Instructions for the task: The material below has pictures in it. Set down only the lines from the line containing "Knjiga od filca" through the line containing "Когда изготовление и", word for word, and leave the pictures behind.

Data shown:
((

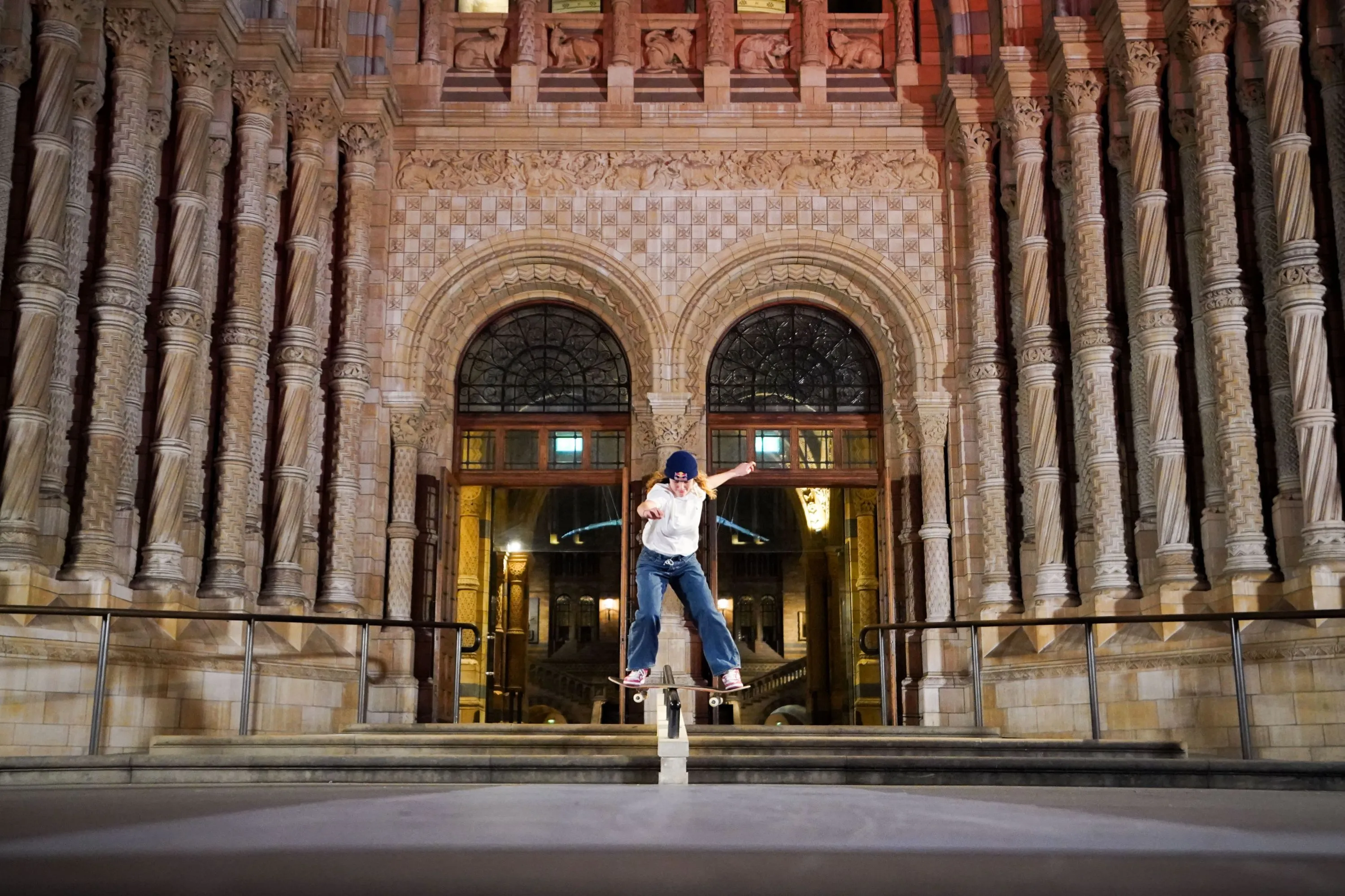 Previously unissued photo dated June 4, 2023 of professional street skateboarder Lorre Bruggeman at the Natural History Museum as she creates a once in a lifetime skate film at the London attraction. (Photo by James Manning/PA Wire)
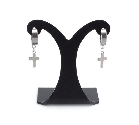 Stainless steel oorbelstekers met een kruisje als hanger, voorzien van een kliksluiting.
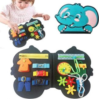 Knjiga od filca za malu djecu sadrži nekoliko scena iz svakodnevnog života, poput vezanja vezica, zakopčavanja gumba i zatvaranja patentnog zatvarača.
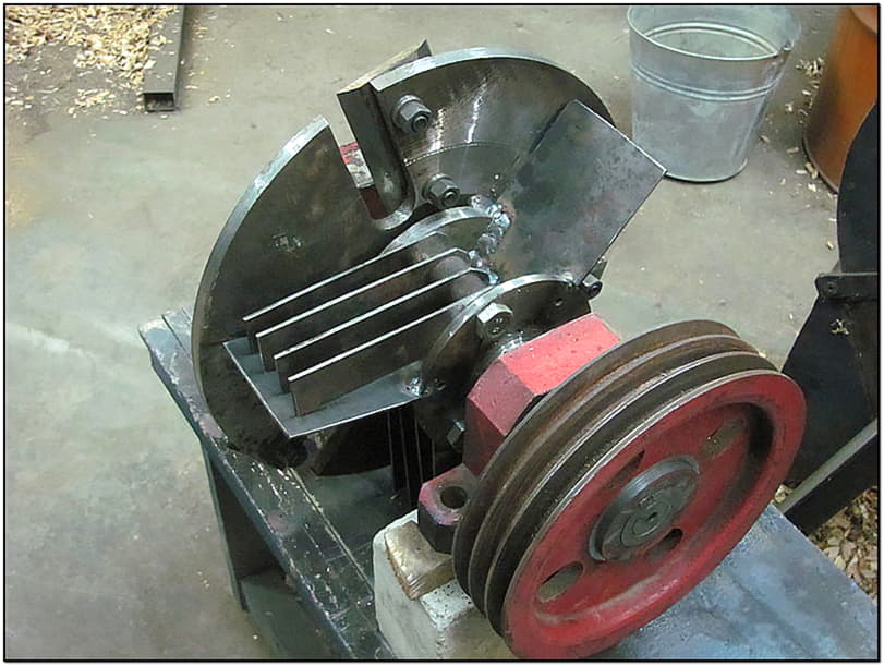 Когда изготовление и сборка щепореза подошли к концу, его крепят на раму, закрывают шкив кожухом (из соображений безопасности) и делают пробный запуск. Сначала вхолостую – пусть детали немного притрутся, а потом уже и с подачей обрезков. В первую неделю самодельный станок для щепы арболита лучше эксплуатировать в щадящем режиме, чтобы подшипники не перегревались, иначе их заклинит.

))
((

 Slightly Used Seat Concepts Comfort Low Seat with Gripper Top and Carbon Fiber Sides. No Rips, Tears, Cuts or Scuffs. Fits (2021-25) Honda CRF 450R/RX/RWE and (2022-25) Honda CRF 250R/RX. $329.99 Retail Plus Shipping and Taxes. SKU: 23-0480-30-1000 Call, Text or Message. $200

))

Result for this task:
 Knjiga od filca za malu djecu sadrži nekoliko scena iz svakodnevnog života, poput vezanja vezica, zakopčavanja gumba i zatvaranja patentnog zatvarača.
 Когда изготовление и сборка щепореза подошли к концу, его крепят на раму, закрывают шкив кожухом (из соображений безопасности) и делают пробный запуск. Сначала вхолостую – пусть детали немного притрутся, а потом уже и с подачей обрезков. В первую неделю самодельный станок для щепы арболита лучше эксплуатировать в щадящем режиме, чтобы подшипники не перегревались, иначе их заклинит.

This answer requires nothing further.